Document de travail n°681 : Les composantes variables des salaires comme source d’adaptabilité aux chocs

Jan Babecký, Clémence Berson, Ludmila Fadejeva, Ana Lamo, Petra Marotzke, Fernando Martins et Pawel Strzelecki fournissent des éclaircissements sur le rôle des composantes variables des salaires comme moyen d’ajustement des coûts salariaux en cas de chocs défavorables pour les entreprises. Ils utilisent les données d'une enquête auprès des entreprises dans 25 pays européens couvrant la période 2010-2013. Ils constatent que les entreprises soumises à des rigidités salariales nominales, qui les empêchent d'ajuster les salaires de base, sont plus susceptibles de réduire les parts variables des salaires afin d'ajuster les coûts salariaux à la conjoncture. Les entreprises utilisent donc ces composantes variables comme amortisseur afin de contourner la rigidité des salaires de base. Les auteurs montrent en outre que si les composantes variables des salaires présentent un certain degré de rigidité à la baisse, elles le sont dans une moindre mesure que les salaires de base.

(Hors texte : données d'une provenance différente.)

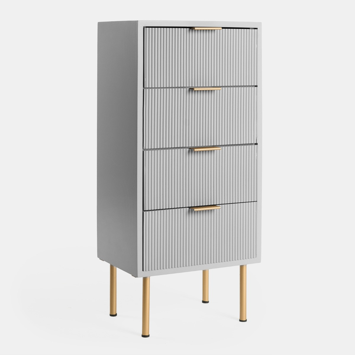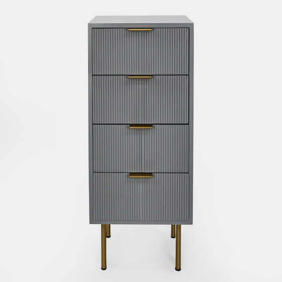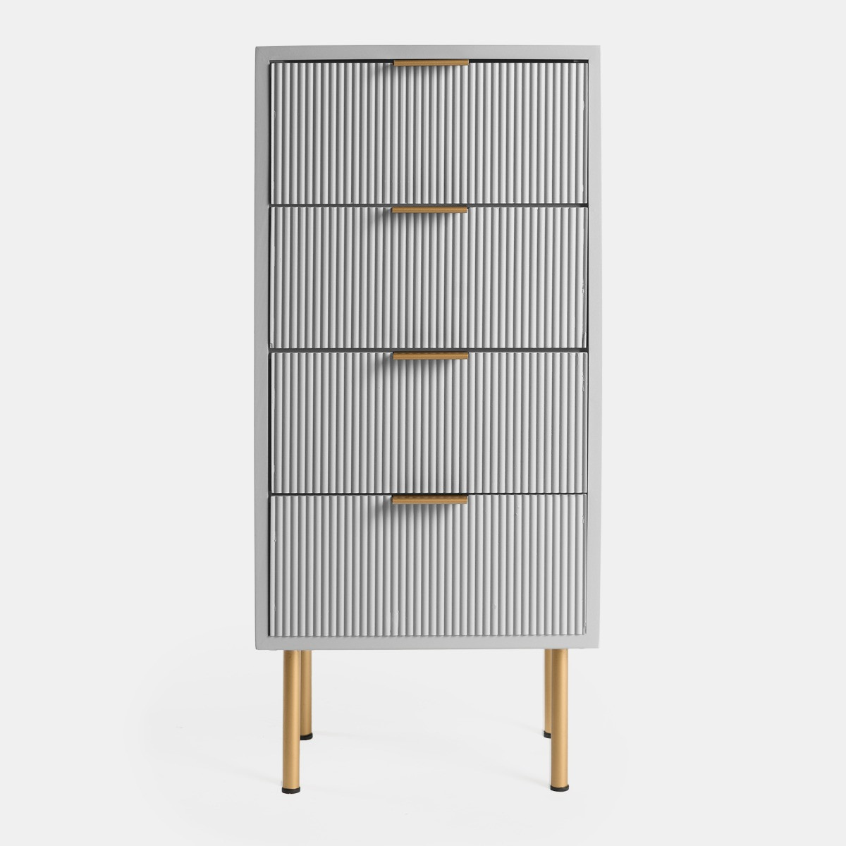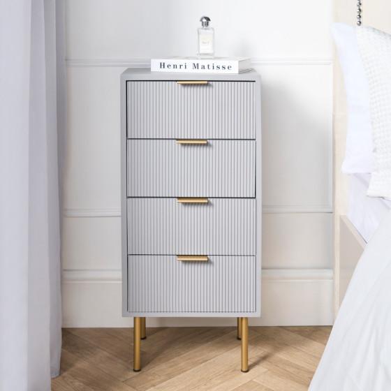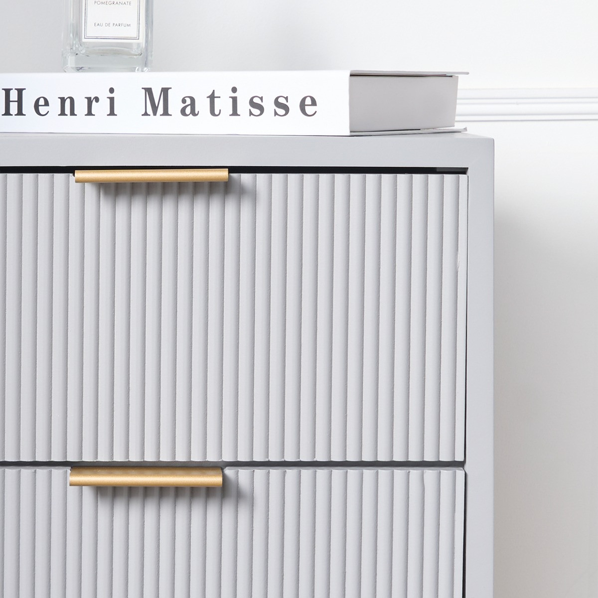 Add a touch of elegance and functionality to your bedroom with the OHS Ribbed 4-Drawer Unit. This beautifully designed unit combines classic aesthetics with practical storage solutions, making it a perfect addition to any bedroom decor. Its ribbed detailing and soft finish add a subtle sophistication, seamlessly blending with both contemporary and traditional interiors. With fourspacious drawers, it provides ample room for your essentials, helping you keep everything neatly organised. Crafted from durable wood, this unit is built to last, offering both style and convenience for years to come.

Les données au niveau microéconomique sur les variations salariales et les résultats d'enquêtes sur la fixation des salaires ont révélé que, même en présence de chocs négatifs importants, non seulement les travailleurs sont réticents à accepter des réductions de leurs salaires nominaux, mais les entreprises semblent également réticentes à procéder à de telles réductions. C'est ce qu'on appelle la rigidité à la baisse des salaires nominaux. La résistance à la réduction des salaires - lorsque les conditions économiques le justifient - en faveur du gel des salaires est bien entendu un obstacle majeur à l'ajustement des coûts de la main-d'œuvre. En présence de la rigidité à la baisse des salaires nominaux, un taux d'inflation positif est nécessaire pour faciliter l'ajustement des salaires relatifs. Par conséquent, un taux d'inflation trop faible pourrait conduire, en présence de la rigidité à la baisse des salaires nominaux, à un chômage de longue durée.

Toutefois, l’importance de la rigidité à la baisse des salaires nominaux dépend du fait que les entreprises disposent d'autres marges d’ajustement des couts salariaux que les salaires de base en cas de besoin. Il est possible que la rigidité ait peu d'effet sur l'emploi global simplement parce que les entreprises ont fait des ajustements qui pourraient se refléter dans des variables comme les bénéfices ou la productivité. Une autre explication possible de la décorrélation entre l'emploi et la rigidité à la baisse des salaires nominaux est que les entreprises peuvent obtenir la flexibilité en utilisant des éléments de rémunération plus flexibles, comme les primes liées à la productivité, les commissions et autres avantages sociaux. Même si les employés sont moins susceptibles de s'opposer à des changements dans ces avantages que dans leurs salaires, du point de vue des entreprises, il s'agit également de coûts du travail. C'est pourquoi un point important de l'analyse de la rigidité à la baisse des salaires nominaux est de savoir si les entreprises peuvent ajuster de manière flexible la rémunération dans son ensemble. Il se pourrait que le degré effectif de rigidité à la baisse des salaires nominaux s'avère inférieur lorsque l'on tient compte de la compensation totale, ce qui conduit à un ratio de sacrifice plus faible et à une flexion réduite de la courbe de Phillips.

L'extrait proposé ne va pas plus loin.